We tend to think of nature and industry as polar opposites. One of the primary narratives of American history is the shift from fear of nature during colonization and expansion west, to its pragmatic and often aggressive consumption, and finally to a paternal respect and appreciation of nature that seeks to limit the excesses of industrialism. Within this narrative, nature is seen as either a hindrance or potential raw material of industry, and industry represents the state of nature conquered. Theoretically, there is little room for a peaceful coexistence.
[View of Bethlehem Steel from the D&L Trail. Photo Courtesy of Will Minehart]
Our greatest proto-environmentalists approached nature from this perspective. Benton MacKaye envisioned the Appalachian Trail as a therapeutic relief valve for Eastern urbanites that would serve to reinforce industrial capitalist society by rejuvenating its adherents. Frederick Law Olmsted planned Central Park as a respite from “the confinement, bustle and monotonous street-division of the city” not a repudiation of it. Although Central Park and the Appalachian Trail provided nature experiences for millions, both projects also reinforced the belief that nature, by definition, was a space free from the infrastructure and ideology of industry.
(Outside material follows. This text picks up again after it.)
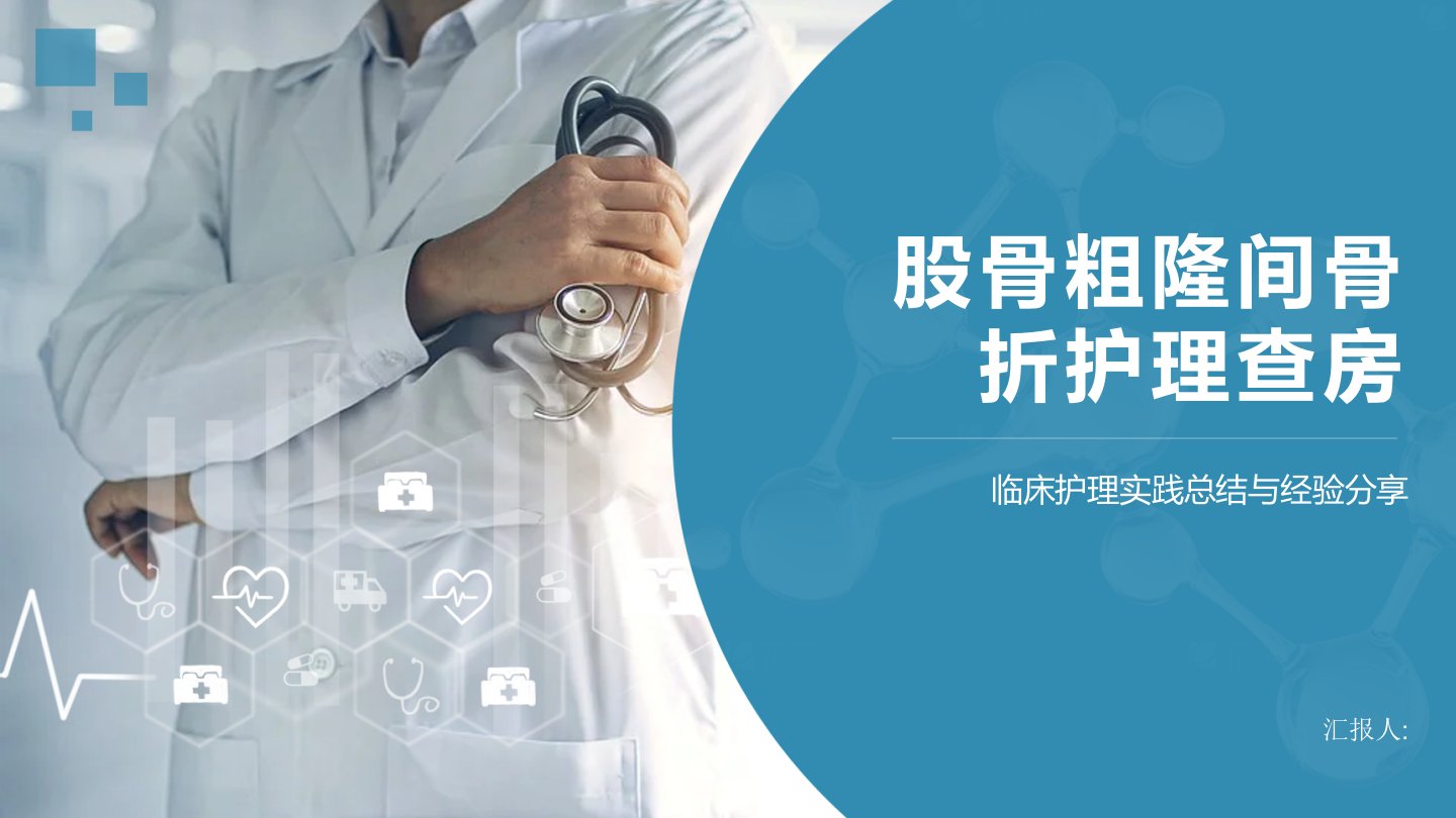 股骨粗隆间骨折护理查房临床护理实践总结与经验分享汇报人:目录疾病介绍01病史简介02护理评估03护理问题04护理措施05讨论与总结0601疾病介绍骨折定义与解剖位置010302骨折定义骨折是指骨结构的连续性中断,通常由外力或疾病导致。股骨粗隆间骨折是髋部常见骨折类型,位于股骨近端大转子与小转子之间。解剖位置股骨粗隆间位于股骨近端,包含大转子和小转子。该区域是髋关节的重要支撑点,骨折后易影响下肢功能。临床意义股骨粗隆间骨折多见于老年人,常因骨质疏松或跌倒引起,需及时治疗以避免严重并发症。常见病因0103跌倒导致骨折跌倒是最常见的股骨粗隆间骨折病因,尤其多见于老年人。骨质疏松使骨骼脆弱,轻微外力即...

Lately, however, a variety of projects have embraced industrial sites for their recreational potential and-paradoxically-for their natural beauty. Landschaftspark Duisburg-Nord in Germany is a 570-acre park constructed on the site of a Thyssen steel plant that operated until 1985. Visitors to the park climb the old brick and cement walls, promenade on the elevated rail, and relax in large clusters of trees, all in the shadows of dormant smokestacks and pipelines. In Seattle, Gas Works Park was built on the site of a coal and crude oil conversion works. The city turned the boiler house into a picnic shelter and the exhauster-compressor building into a children’s play barn. Closer to home, the South Bethlehem Greenway will be built on an old Norfolk Southern right-of-way and connect the Bethlehem Steel industrial area with Lehigh University and regional greenways.
[Saylor Cement Kilns in Coplay]
Of course, the D&L Trail is our own example of nature and industry in symbiotic coexistence. The Trail follows the old rail beds and towpaths that once fueled the industrialization of America, and the protection and maintenance of the Trail highlights and ensures the permanency of those remnants of industry. Users of the Trail will recognize that watered canals, remnants of locks, rail ballast, and scattered industrial artifacts add to the natural beauty of the Trail rather than detract from it.
[Inactive lock in Freeemansburg]
In this sense, maybe twenty-first century Americans have crafted an enlightened environmental ethic that allows for nature and industry to exist in the same place. Hopefully, in the future we can look at post-industrial sites for their latent potential rather than as a nostalgic reminder of what has been lost.